What happens during an electroencephalogram (EEG)?
What happens during an electroencephalogram (EEG)?
Many organs produce electrical signals that can be detected and measured using various techniques. One well-known example is the electrocardiogram (ECG or EKG), which is used to see the electrical currents in the heart. The nerve cells in the brain also produce characteristic electrical currents. Like in an ECG, these currents can be picked up using electrodes on the body’s surface. This kind of measurement is called an electroencephalogram (EEG). In an EEG, the electrodes are placed on specific points on your head and connected to an EEG machine with cables. The electrodes measure the activity of the brain and display it as a graph on a screen.
When is an EEG used?
One reason doctors use an EEG is if they think someone has a neurological (nerve-related) disorder such as epilepsy or brain damage. Sometimes it is used during surgery to monitor the effects of an anesthetic. An EEG can also provide information about how the brain is functioning in patients who are in intensive care or doing a sleep study. It can confirm brain death as well.
EEGs used to play an important role in diagnosing strokes or detecting brain tumors. But nowadays imaging techniques such as CT or MRI scans are used instead.
What does the procedure involve?
A total of 21 electrodes are typically used in an EEG. To make it easier to put the electrodes in the right place on your head, the electrodes and cables are usually attached to a cap that is pulled over your head. Before the test, the electrodes are coated in a special gel that makes it easier to measure the electrical activity.
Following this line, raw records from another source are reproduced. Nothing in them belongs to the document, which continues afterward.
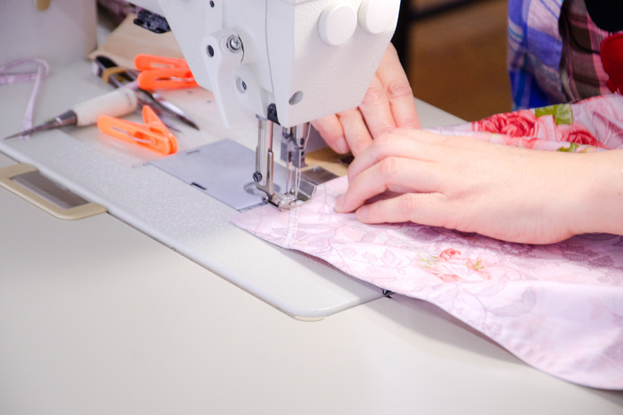 現代の工業技術をもってしても、お布団の側地のすべて縫製工程を全自動で完成させることは出来ませんでした。ニット製のお洋服などで全自動の仕上げが出来るようになった例もありますが、羽毛布団やマットレスは現在も職人が手作業で一枚一枚を縫い上げています。松山機業は本物志向にこだわり、自社一貫製造、工場直販の商品をお届けしています。
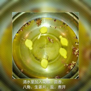 在清水里加入花椒我,茴香,八角,生姜片,盐适量,煮开
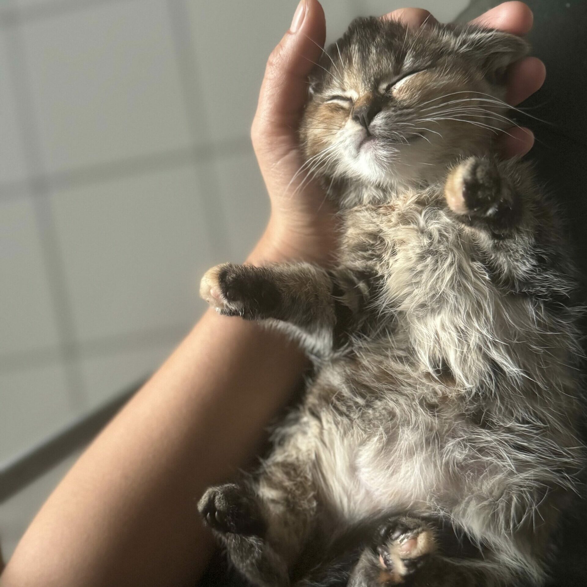 Depuis son arrivée dans sa famille d’accueil, elle se porte très bien. C’est le genre de chatonne à être un peu timide au début, mais une fois qu’elle vous fait confiance, c’est une féline pleine de vie qui s’amuse beaucoup à faire des bêtises !
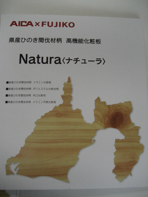 不二高が企画・開発した「ナチューラ(桧節有り間伐材柄)」の
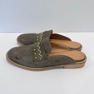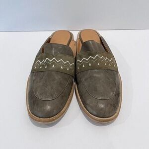 Sundance Leather Embroidered Mules Size 38 = 8 Women's Green Pewter Flats
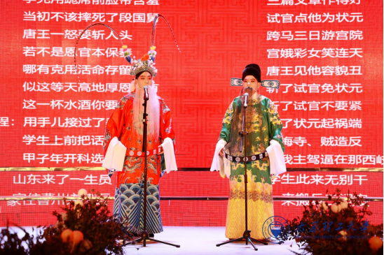 太阳成城集团繁艺相声社为大家精彩演绎了传统京剧的经典曲目《珠帘寨》,华美的扮相与圆润的唱腔,韵味十足,引得现场喝彩声此起彼伏;
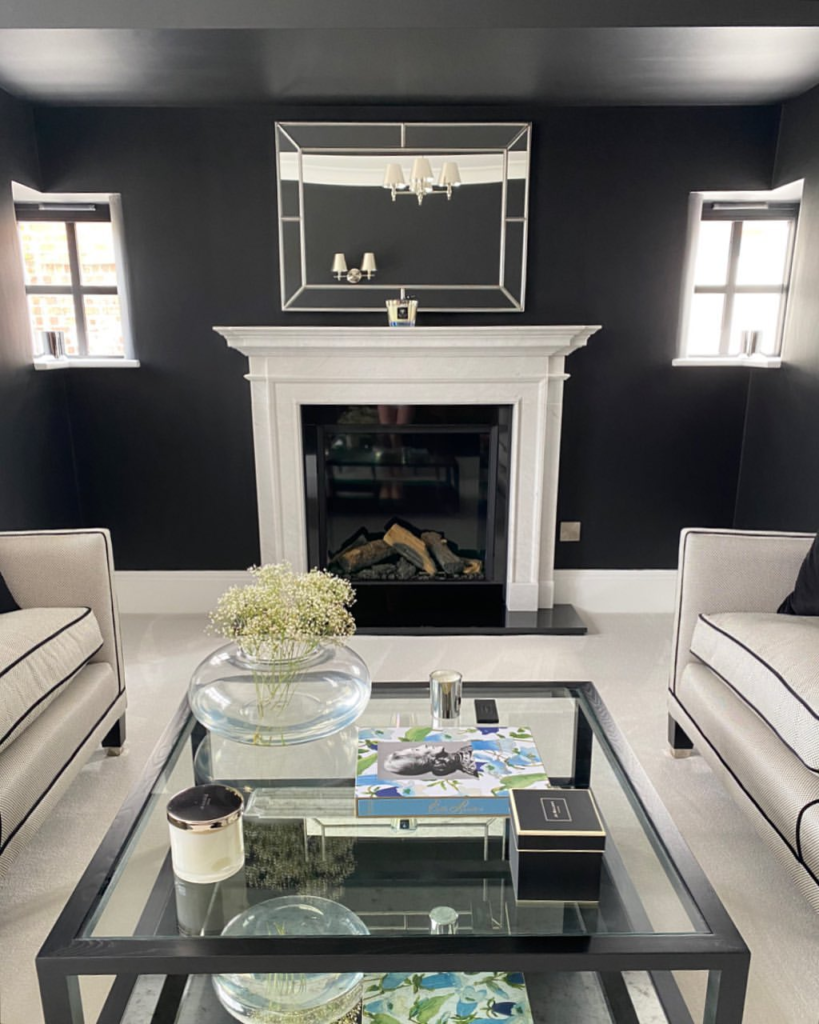 Black walls offer a dramatic setting for an elegant white fireplace. Sleek, tailored furniture provides a modern counterpoint, while a glass coffee table and mirror reflect light and brighten the room. Delicate accessories and floral arrangements add a chic, softening touch to the bold color scheme.

There is no need to shave your head. Your hair should be clean and free of residues from products such as styling foam, gel or hair spray.
During the measurement, you lie or sit in a relaxed position and stay as still as possible. An assistant will give you directions, such as to open your eyes or to take deep breaths. Sometimes, certain stimuli (such as a flickering light) may be used to trigger brain activity. The recording takes about 20 to 30 minutes.
What can you see on an EEG recording?
Unlike an ECG, which has a pattern with spikes in it, an EEG shows multiple waves. The shape of these waves mainly depends on how active the brain currently is. This is different when you’re awake or asleep, or when you’re alert or tired. Each wave provides information about the activity of the nerve cells in one specific area of the brain.
Brain waves are divided into the following main types:
Alpha waves (frequency 8 to 13 cycles per second (Hz, hertz)): These describe the activity of the brain when you're resting with your eyes closed but you’re awake. This is your baseline.
Beta waves (14 to 30 Hz): When your eyes are open, your senses are stimulated and you’re mentally active, these higher, irregular frequencies are recorded.
Gamma waves (over 30 Hz): These occur when you're very alert and when you're learning something.
Theta waves (4 to 7 Hz): Lower frequencies arise when you are falling asleep or very exhausted, for example.
Delta waves (0.5 to 3.5 Hz): The slowest, usually synchronized waves can be observed during deep sleep.
Normal EEG waves (left) and the spike-and-wave pattern in epilepsy (right) Illustration: Normal EEG waves (left) and the spike-and-wave pattern in epilepsy (right)
Normal EEG waves (left) and the spike-and-wave pattern in epilepsy (right)
Everybody’s baseline EEG pattern is different. This means that “normal” EEG recordings can vary greatly from person to person. This variation is even greater in children, and their wave patterns are much slower and less regular than in adults.
If an EEG is done for diagnostic purposes, the focus is on how often waves occur (frequency) and how high they are (amplitude). Deviations from typical wave patterns can be signs of an illness or disorder. During epileptic seizures, for example, some of the waves are particularly high and steep (spike-and-wave pattern). Many medications that affect the brain also change the EEG pattern.
Hacke W (Ed). Neurologie. Berlin: Springer; 2016.
Schmidt RF, Lang F, Heckmann M (Ed). Physiologie des Menschen. Berlin: Springer; 2011.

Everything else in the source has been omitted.